Tyronn Lue, a backup point guard with Orlando, appeared with the Lakers during their initial championship run in the early 2000s and faced his former team in the finals. Lue and another backup point guard, Anthony Johnson were the only players on Orlando's roster with NBA Finals experience. However, neither saw playing time during the series, as Lue was inactive with an injury and Johnson lost his minutes to teammate Jameer Nelson, who returned from a shoulder injury in time for the Finals, where he led the Magic to sweep the Lakers in regular season.
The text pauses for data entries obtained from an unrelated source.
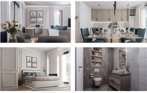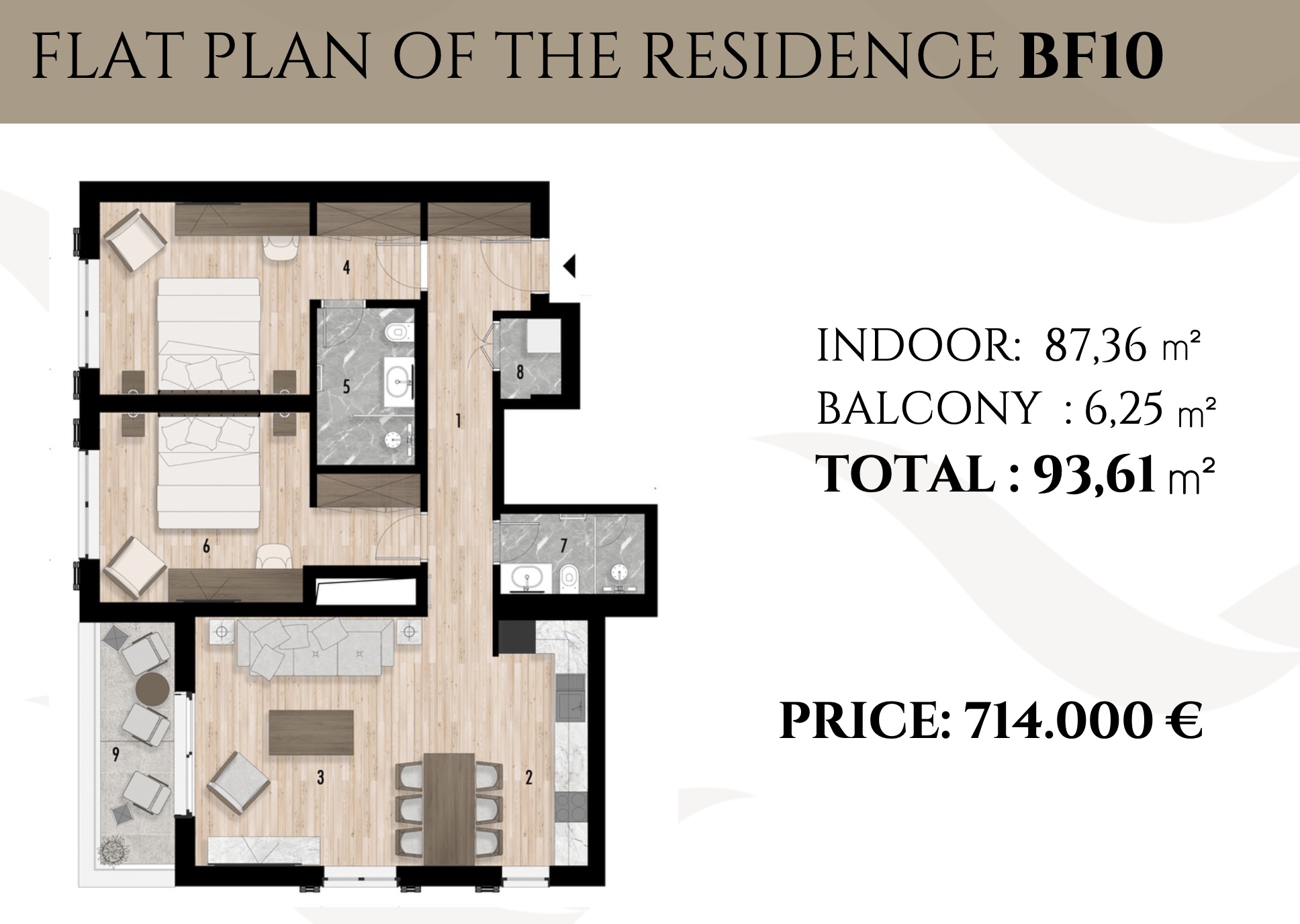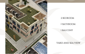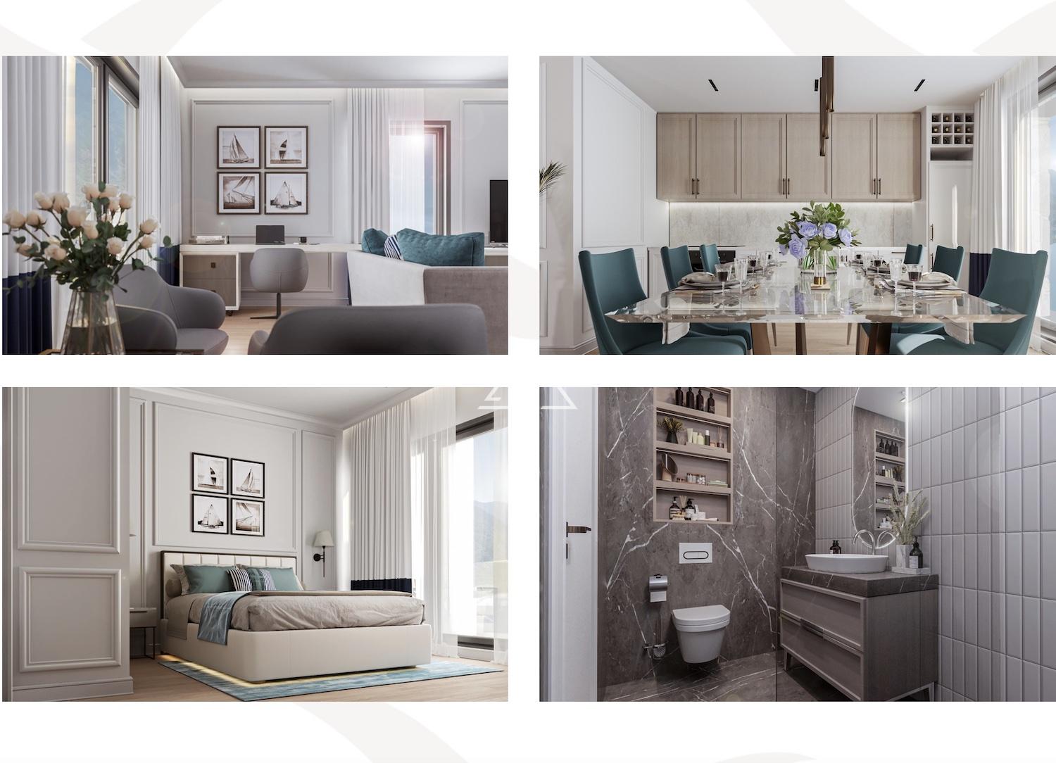Апартаменты находятся на 2 этаже и состоят из коридора, гостиной, совмещенной с кухней и столовой зоной с выходом на террасу, 2 спален и 2 ванных комнат. Апартаменты продаются с отделкой и мебелью премиум класса.
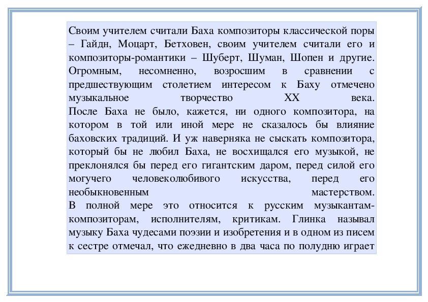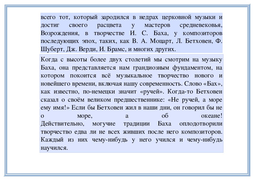 выдающихся композиторов прошлого (И. С. Баха, В. А.
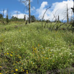 Climbing the final switchbacks to the peak, I finally came upon scars of this year’s fire. Here, they were simply small black bare patches in a sea of lush annuals – it looked as if windblown sparks had started spot fires that had burned out without spreading.
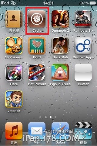 1.点击桌面Cydia图标来对插件进行安装
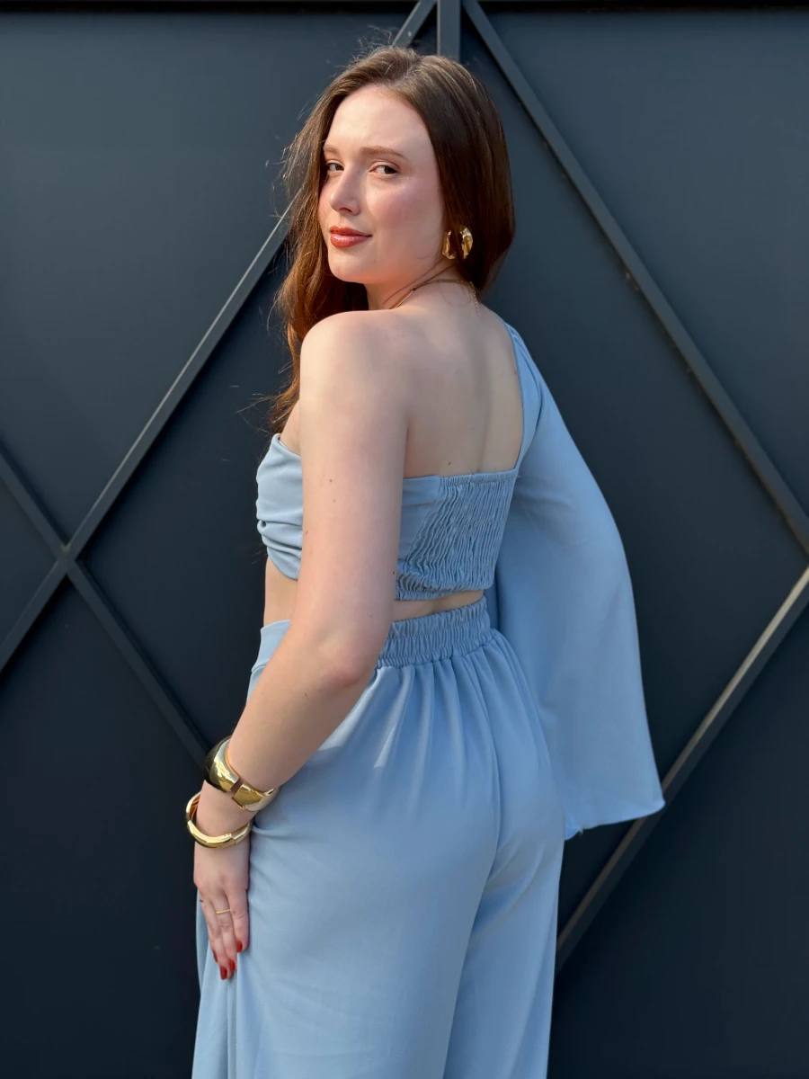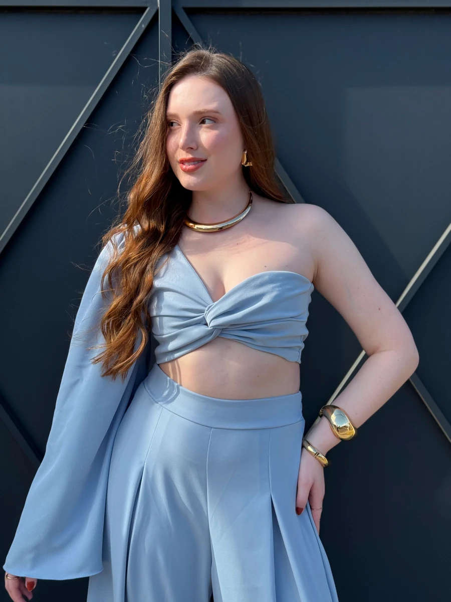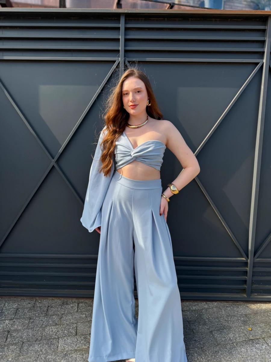 Conjunto confeccionado em tecido leve com caimento fluido e toque macio. Top assimétrico com nó frontal, manga longa única e calça pantalona de cintura alta

Trevor Ariza, the Lakers starting small forward, faced the team that traded him to the Lakers in 2007.

====Regular-season series====
The Orlando Magic won both games in the regular-season series:

==Series summary==
Starting this Finals, Sunday games are now moved up to 8:00 PM (ET) from the previous 9:00 PM (ET) timeslot.

| Game | Date | Road team | Result | Home team |
|---|---|---|---|---|
| Game 1 | June 4 | Orlando Magic | 75–100 (1–0) | Los Angeles Lakers |
| Game 2 | June 7 | Orlando Magic | 96–101 (2–0) | Los Angeles Lakers |
| Game 3 | June 9 | Los Angeles Lakers | 104–108 (2–1) | Orlando Magic |
| Game 4 | June 11 | Los Angeles Lakers | 99–91 (3–1) | Orlando Magic |
| Game 5 | June 14 | Los Angeles Lakers | 99–86 (4–1) | Orlando Magic |

==Game summaries==
All times are in Eastern Daylight Time (UTC−4). If the venue is located in a different time zone, the local time is also given.

===Game 1===

After an evenly battled first quarter, the Magic took the lead thanks to field goals and assists from point guard Jameer Nelson, who was playing his first game since injuring his shoulder during the regular season in February. Down 33–28 with 8:38 left in the 2nd quarter, the Lakers went on a 10–0 run and never looked back. The Lakers ended the 3rd quarter on a 25–10 run, led by the fierce play from Kobe Bryant, who finished with 40 points, 8 rebounds, and 8 assists, joining the likes of Shaquille O'Neal, Michael Jordan, and Jerry West to put up those numbers in a single NBA Finals game. The 25-point margin of victory was the 6th-largest in NBA Finals Game 1 history.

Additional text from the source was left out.